Che bello per noi preti, oggi, sentirci guardati con simpatia dal nostro Vescovo che, dopo l’interminabile applauso che gli abbiamo dedicato, ha ritenuto di dover esordire invitandoci ad applaudire a noi (a noi?!), per il nostro servizio.
Simpatia che non è mero sentimentalismo di circostanza, ma che dice piuttosto un desiderio di essere corpo di comunione con il suo presbiterio, e proprio di questo ci ha parlato all’inizio: “La prima nota, che mi sta particolarmente a cuore, è quella dell’unità e della comunione.” Tema inaugurale e programmatico, fondato sulla sua storia spirituale di agostiniano: “Sono un figlio di Sant’Agostino, agostiniano, che ha detto: ‘Con voi sono cristiano e per voi vescovo’. In questo senso possiamo tutti camminare insieme verso quella patria che Dio ci ha preparato”, aveva detto appena uscito incontro al mondo in quel pomeriggio dell’8 maggio.
Più volte oggi l’ha ribadito: “Io vorrei aiutarvi, camminare con voi”, “vi assicuro la mia vicinanza, il mio affetto e la mia disponibilità a camminare con voi.” Camminare insieme è l’immagine più essenziale della Chiesa pellegrina sulla terra, del popolo di Dio in cui l’atomizzazione soggettivista deve essere ogni giorno di nuovo sconfitta dall’amore, dal porre il baricentro non in se stessi e nel proprio protagonismo, ma nell’unità che supera ognuno perché include tutti.
E in questa unità, da credere, volere e riconoscere, anche noi possiamo riacquisire quel coraggio profetico oggi più che mai necessario: “Il Signore ha voluto proprio noi in questo tempo pieno di sfide che, a volte, ci appaiono più grandi delle nostre forze. Queste sfide siamo chiamati ad abbracciarle, a interpretarle evangelicamente, a viverle come occasioni di testimonianza.

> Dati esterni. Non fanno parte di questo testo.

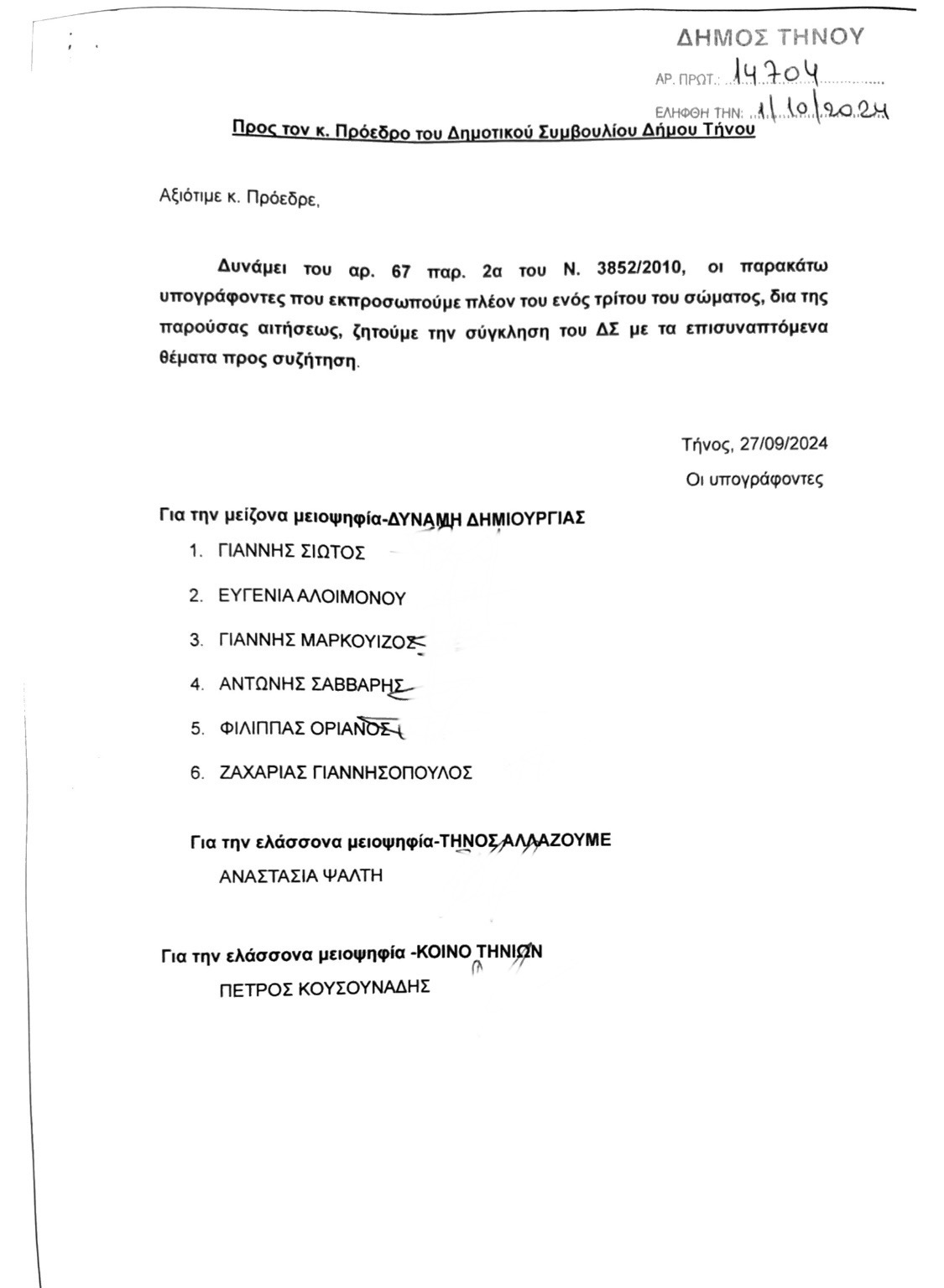 Σύγκληση του Δημοτικού Συμβουλίου με θέμα το νερό ζήτησαν με επιστολή τους προς τον πρόεδρο του ΔΣ Δήμου Τήνου κ. Νικόλαο Γκύζη, οι επικεφαλής και τα μέλη της μείζονος και ελάσσονος αντιπολίτευσης.
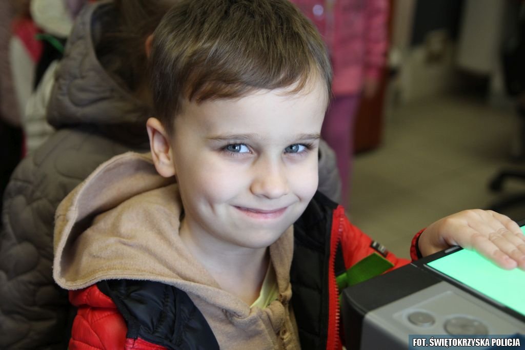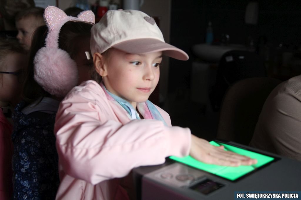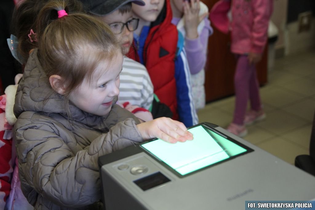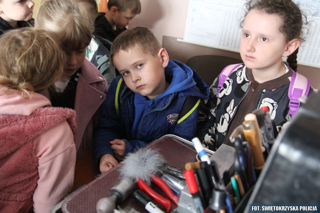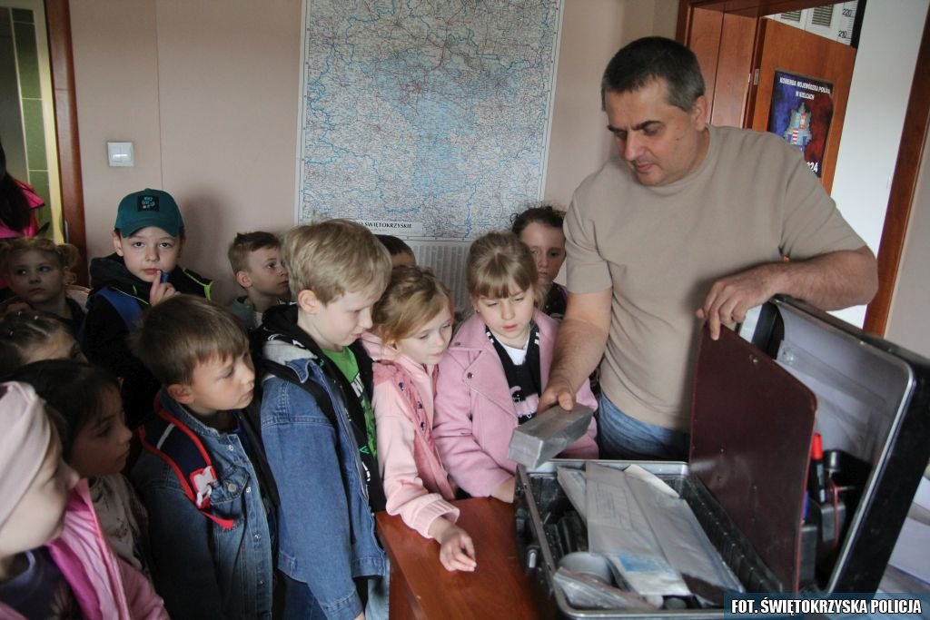 Technik kryminalistyki pokazał dzieciom walizkę pełną przedmiotów, które funkcjonariusz wykorzystuje podczas codziennej służby, a które okazały się wielką dla nich atrakcją. Wiele radości przedszkolakom sprawiła również możliwość pobrania odcisków palców, a także zobaczenia na własne oczy jak wygląda zbieranie śladów z miejsca zdarzenia.
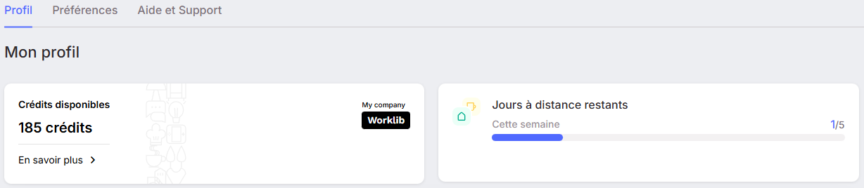 Dans le cadre de la politique de travail à distance adoptée par votre entreprise, vous avez accès à un nombre défini de jours pour télétravailler, ainsi qu'à un budget alloué sous forme de crédits pour vos réservations.
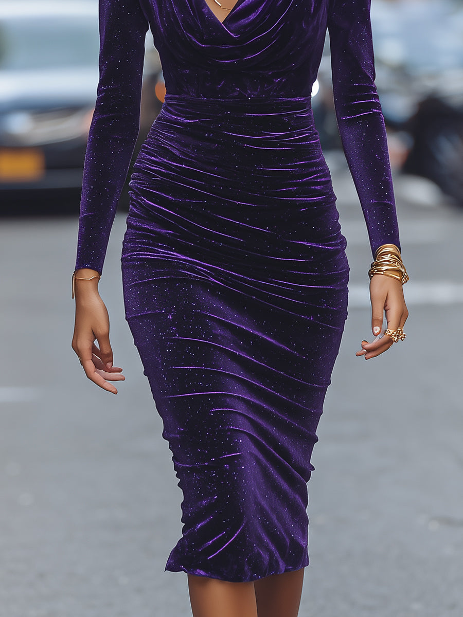 • Design: Draped cowl neckline, velvet choker accent, ruched bodice and skirt, fitted sleeves, body-contouring silhouette
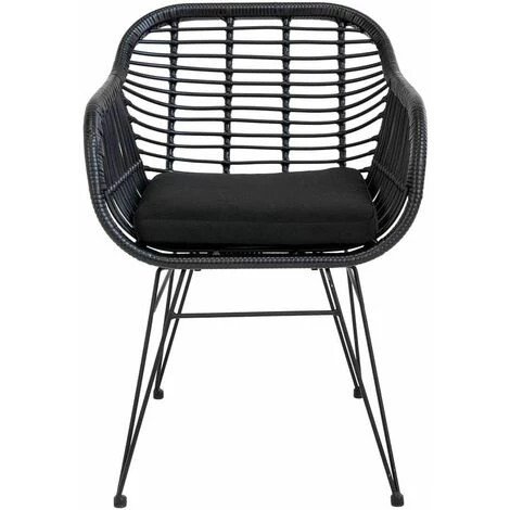 Piétement en acier coloris noir. Revêtement assise en polyéthylène imitation rotin coloris noir.
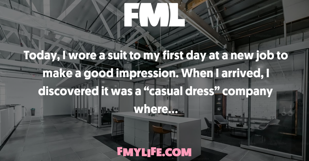 Today, I wore a suit to my first day at a new job to make a good impression. When I arrived,...
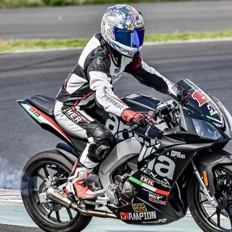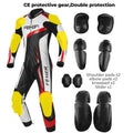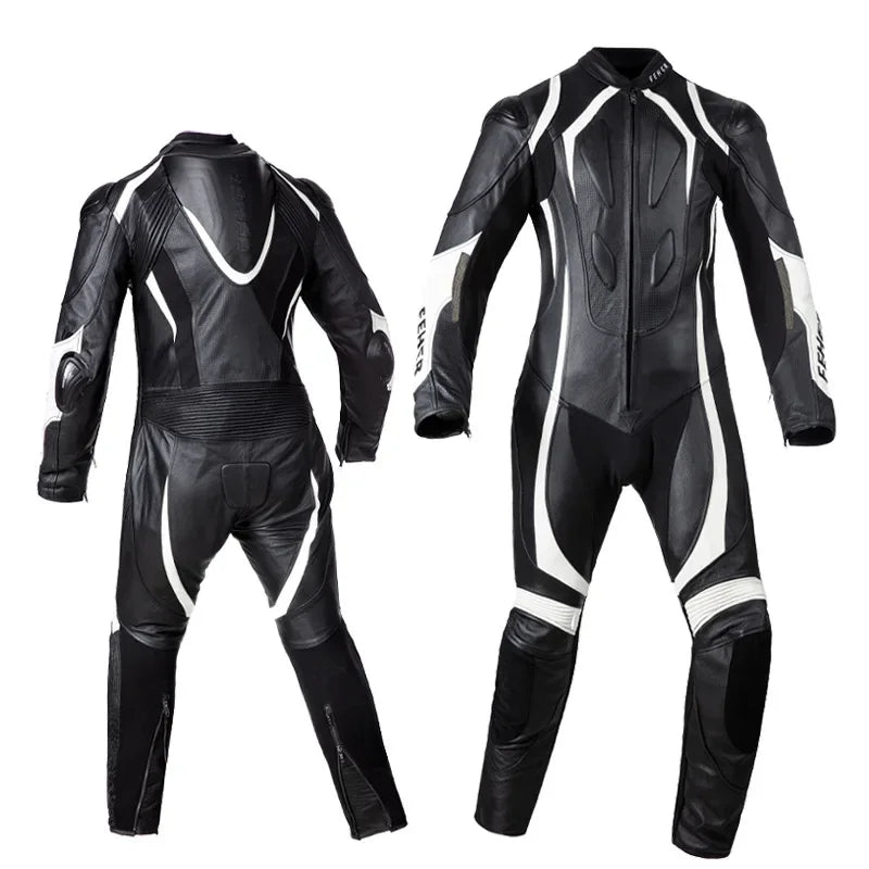 Gear up for your next off-road adventure with this one-piece racing suit designed for motorcycle enthusiasts. This protective clothing is essential for men who enjoy kart riding and off-road motorcycle adventures. The durable leather jacket provides the necessary protection for motorcyclists, ensuring safety and comfort on the track. Stay safe and stylish with this kart rider suit that combines functionality with a sleek design for the ultimate riding experience.
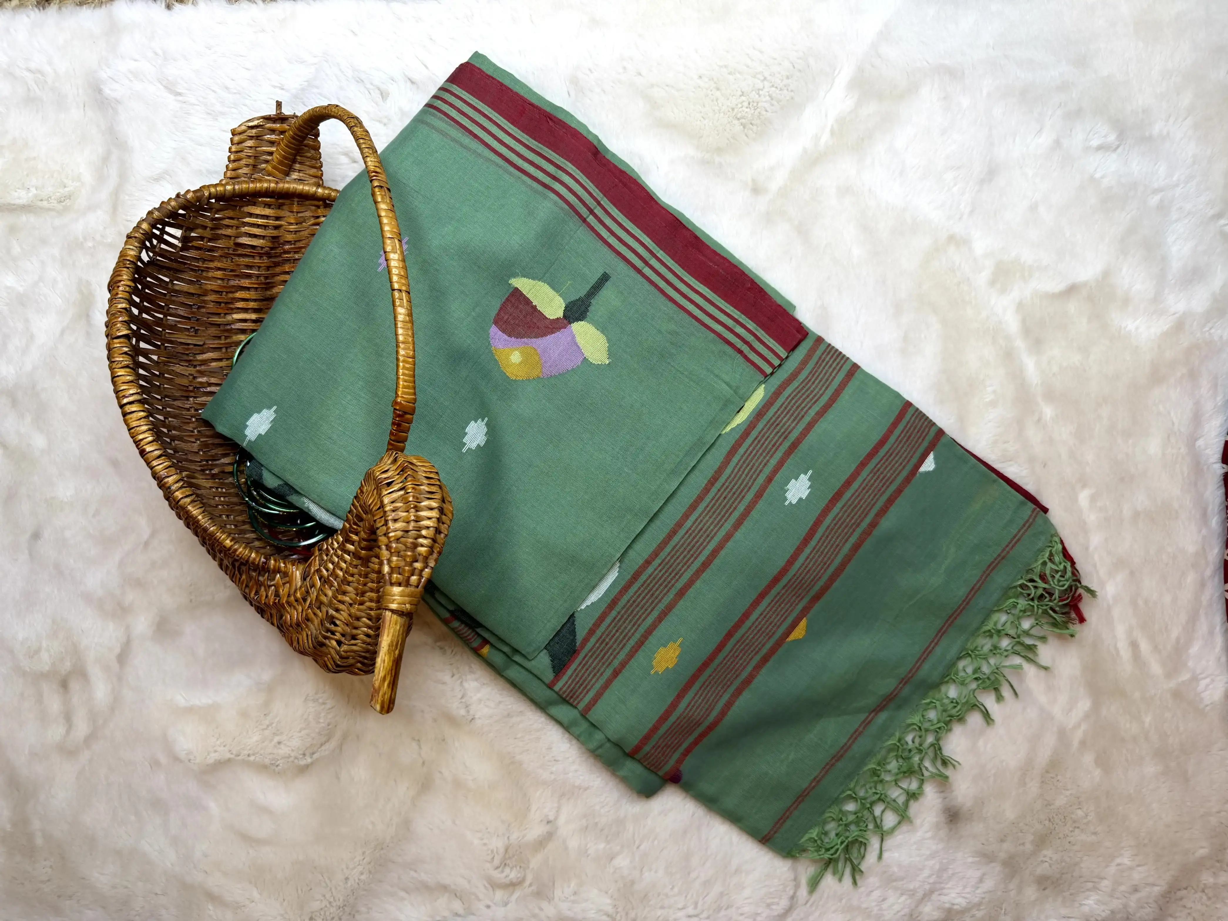 Green jamdhani work cotton saree
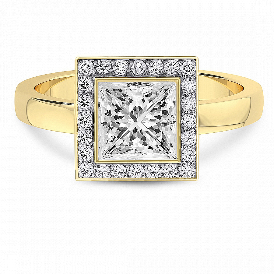 This Alina Dome Bezel Halo Ring is a Princess shape ring Engagement type 18k Yellow Gold
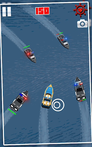 You are a runway driver escaping from police in the open water with your speed boat and chased by the high speed police boats. Don't be a fool to be caught by navy police, Just hold you acceleration of boat and dodge them as long as you can. Be careful to not hit the rocks or police boats. There are rock in sea as a hurdle. Collect cash for unlock new speed boats, your boats have three lives unless it hits with the rocks.
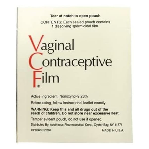 Recommended by over 6,000 clinics nationwide, the VCF Contraceptive Film is the only dissolving film that has been proven to last up to 3 hours. This is the #1 film recommended by OB/GYNs, nurse practitioners and health professionals. It is safe, effective and easy to use. This contraceptive film contains 28% nonoxynol-9.

Non scappiamo di fronte ad esse!”
Possiamo abbattere il muro di “un clima culturale che favorisce l’isolamento o l’autoreferenzialità” perché sappiamo che c’è uno, vicario di un Altro, che fa il tifo per noi e per le nostre lotte quotidiane. Leone, con il suo sorriso gentile e la serena fermezza dei gesti e dei simboli, ci invoglia e ci invita ad avere anche noi un cuor di leone e, con fierezza e dolcezza, a far avanzare di un altro passo l’umanità verso il Regno di Dio.